The buy side today is faced with many choices, when it comes to technologies. The panel discussed the question of build vs. buy when it came to technologies. One thing that has been difficult in the past, is that vendor systems tend to be more closed, which made it difficult for technologies to communicate with one another. From many of the vendors on the panel, they stressed how they sought to make their platforms more open so they could interoperate together, and so that APIs became more open. It makes a lot more sense, because ultimately, the buy side may not want to have a full tech stack from one specific vendor and instead can mix and match components. On my own side, I suspect that open source offering will become more prevalent when it comes to trading technologies, where offering support will become a key way to monetise these offering. Indeed, that’s one of the reasons I open sourced tcapy, which to my knowledge is the only open source TCA Python library out there currently.


Liquidity and execution

The buy side has many decisions to make when it comes to liquidity. One key question is how many liquidity providers to have. On the surface of it, you might think more is better! However, the panel noted there was a limit. If you have many liquidity providers, in practice, it is likely that many will simply be recycling liquidity. Hence, having a large number of LPs can just end up increasing signalling risk. Whilst markets are becoming electronic, relationships are still important. Of course, there isn’t always going to be a full two way information share between buy side and sell side, given that some information will likely be kept proprietary. There’s also the question of whether to trade bilaterally or on a more anonymous basis via an ECN. One theme which came up again and again, is that relationships really matter not so much when times are good and liquidity is fine, but during crunch times. It was also noted how data can also inform how “good” a trading relationship is.

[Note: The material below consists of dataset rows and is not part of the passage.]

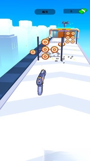 在这款游戏里,玩家会以第一人称的视角来操控一把自动枪械,顺着高空赛道持续向前行进。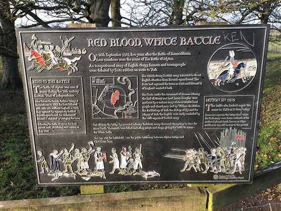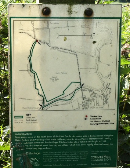 This is now a secluded landscape with a feeling of remoteness that makes a very pleasant battlefield walk, though the uncertainties about the exact location of the action are a problem. There is good pedestrian access to the battlefield via public rights of way and the Countryside Stewardship scheme. Please note that parking is now in the village of Myton on the grass verge near the church.  An information board about the battle has been installed at the Myton village entrance to Myton Pastures near the bridge.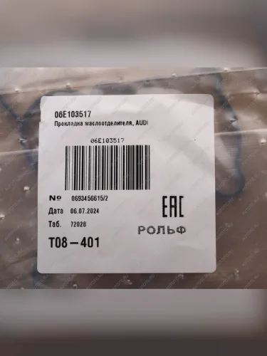 | Наименование | Прокладка VW Passat (05-10) маслоотделителя OE VAG 06e103517 |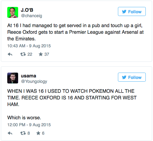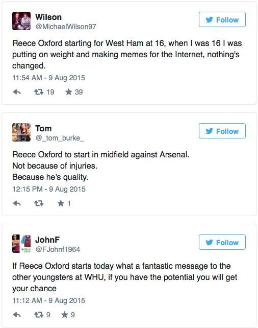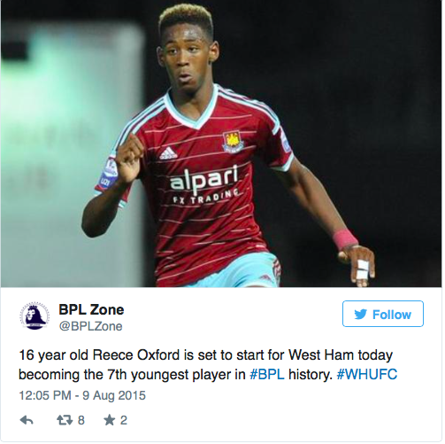 West Ham og Slaven Bilic indleder i dag sæsonen med en svær udekamp i mod Arsenal. Manageren tager i kampen noget af en chance, da han i følge Daily Mail giver den blot 16-årige Reece Oxford chancen på midten. I den forbindelse har vi herunder samlet de bedste tweets.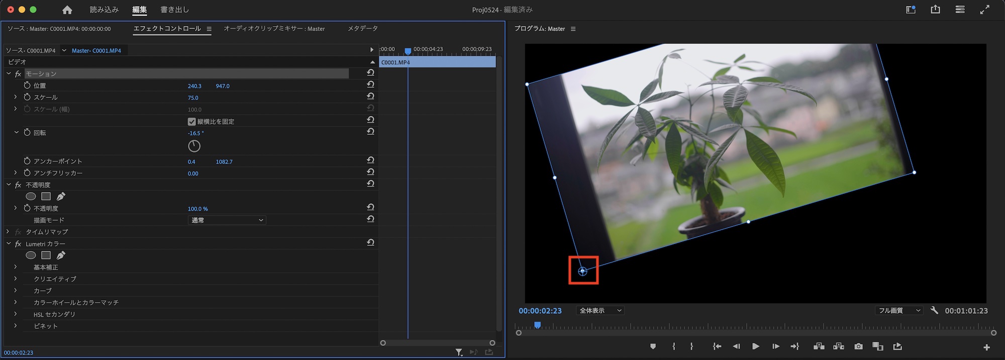 上の画像ではアンカーポイントをクリップの左下に配置することで、回転の効果を変えることが出来ました。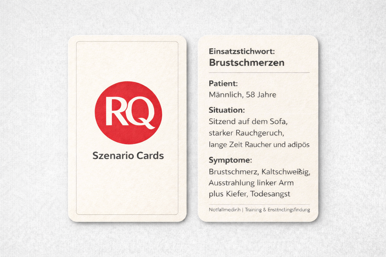 Die RQ Szenario Cards sind ein praxisnahes Trainingskartenset für Rettungsdienst, Feuerwehr und medizinische Ausbildung.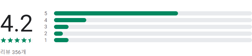 앱 평점 및 별표 1, 2, 3, 4, 5개 리뷰의 개수에 따라 표시되는 막대그래프는 앱의 평가 횟수가 매우 적은 경우가 아니라면 사용자 리뷰의 전체 기간 평균값이 아닌 앱의 현재 품질 평점을 바탕으로 합니다.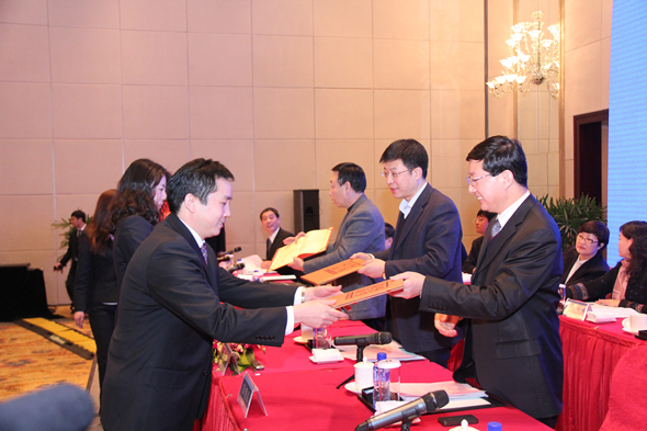 與會領(lǐng)導(dǎo)向先進(jìn)集體頒獎(jiǎng)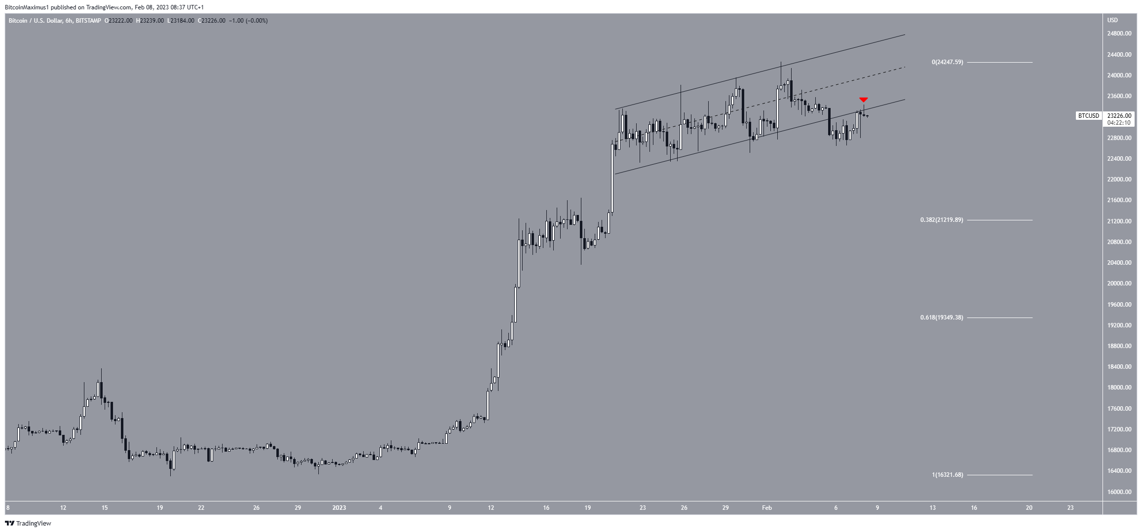 O preço do Bitcoin era negociado em um canal paralelo de alta desde 23 de janeiro. Depois de ser rejeitado por sua linha de resistência em 2 de fevereiro, o preço caiu abaixo do canal na última segunda-feira (6). Atualmente, ele está tentando validá-lo como resistência (ícone vermelho).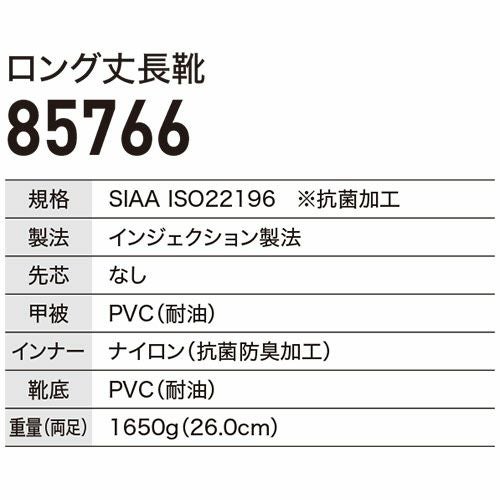 他の画像を見る 長靴 ジーベック XEBEC PVCロング丈長靴ロング 85766 レインブーツ 抗菌 防臭 男女兼用 軽量 先芯なし長靴 ゴム長靴 特別価格 ¥ 3,461 税込 多機能PVC長靴 先芯なしモデル ●水や油で滑りにくいソール●胴体部分はSIAA抗菌加工で衛生的●全体が耐油配合で幅広い職種に対応 詳細を見る お気に入りに登録する

A lot has changed in recent years during the pandemic, which has affected many parts of society. The FX market obviously hasn’t been immune to that, as evidenced by increased hybrid working. The increased electronification of FX markets means that data is even more plentiful and can be used to quantify market relationships through the use of techniques like TCA. However, at the same time, real life relationships with LPs are still key, especially when times when liquidity is hard to come by.